Instructions to follow ▸ For this exercise, reproduce only the lines from the one holding "This method of tattooing is" through the final line of the data below, exactly, and omit pictures.

Input records ▸
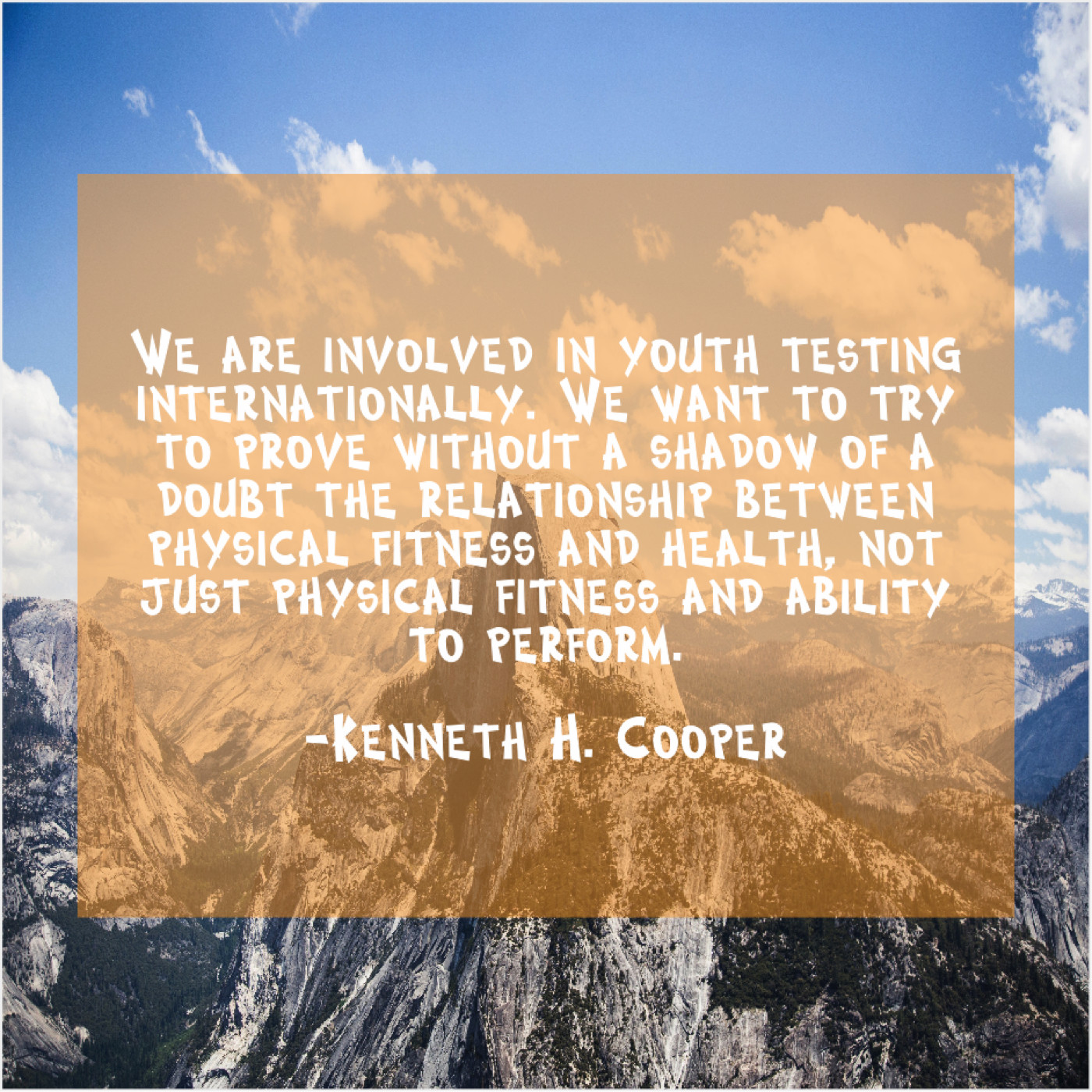 Kenneth H. Cooper Kenneth H. Cooper – We are involved in youth… January 1, 2019 admin “We are involved in youth testing internationally. We want to try to prove without a shadow of a doubt the relationship between physical fitness and health, not just physical fitness and ability to perform.”-Kenneth H. Cooper
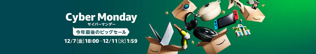 Amazonが毎年末に実施しているビッグセール「サイバーマンデー」が今年もやってきます。2018年のセール期間は12月7日18時から12月11日1時59分まで(80時間)。期間中はさまざまな商品が特別価格で販売されるほか、ここでしか買えない「Amazon限定商品」なども。セールに備えて、今のうちに目玉商品をチェックしておきましょう。
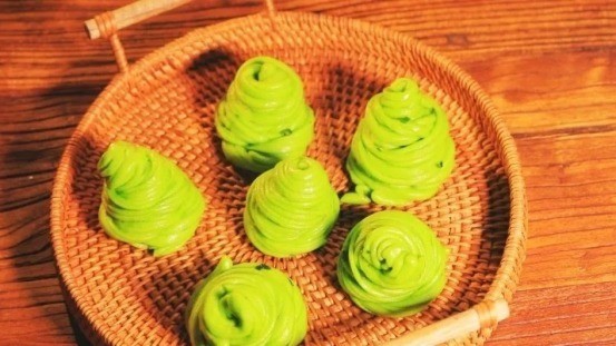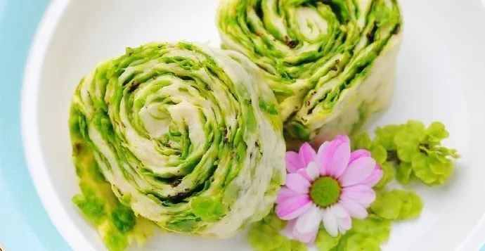 r做法:①草头榨汁和面(面500克、水270-280克),擀成长方形面片。先抹油接着撒面粉,加盐和葱花调味。②折成三折,然后切条,抻长后绕着手指卷成为花卷。上蒸锅大火蒸15分钟即可。
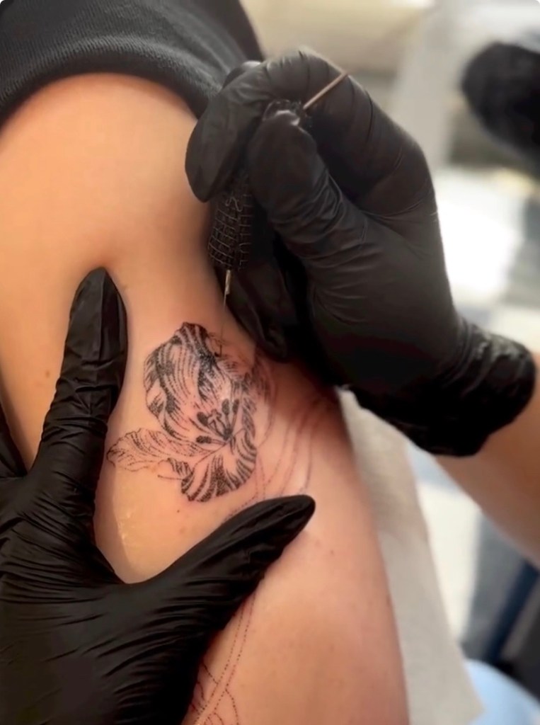 This method of tattooing is like the analogue version of machine tattoos- it has a slower pace, lack of noise or vibrations from the machine and some people find this method of tattooing more manageable to recieve.
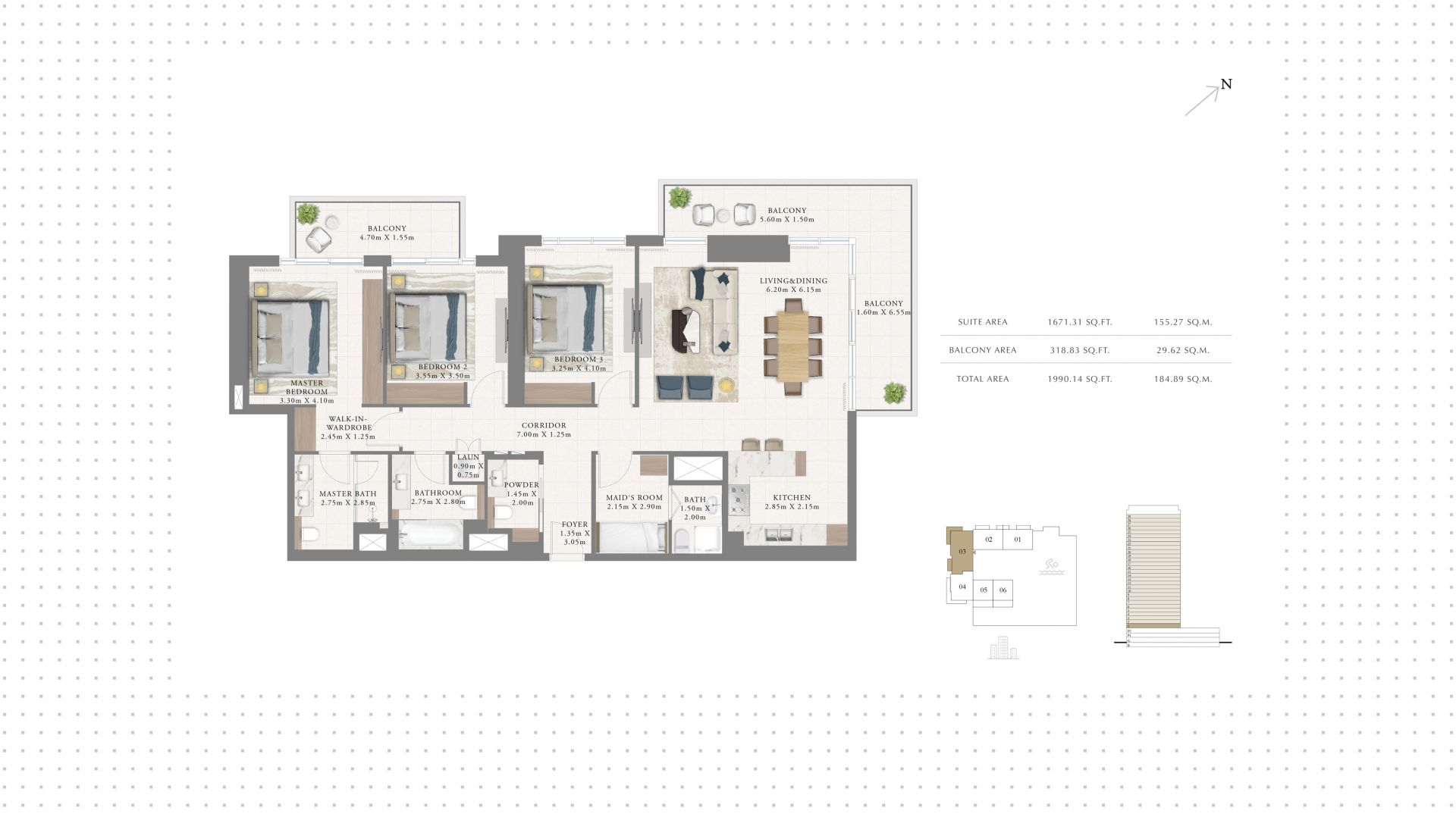 An apartment with 3 bedrooms in the complex Marina Cove. The apartment with an area of 1 990 ft² is located on the 1 of 29, finished. Windows: panoramic. Delivery of the project is scheduled for the 4st st quarter of 2029.

Task result ▸
 This method of tattooing is like the analogue version of machine tattoos- it has a slower pace, lack of noise or vibrations from the machine and some people find this method of tattooing more manageable to recieve.
 An apartment with 3 bedrooms in the complex Marina Cove. The apartment with an area of 1 990 ft² is located on the 1 of 29, finished. Windows: panoramic. Delivery of the project is scheduled for the 4st st quarter of 2029.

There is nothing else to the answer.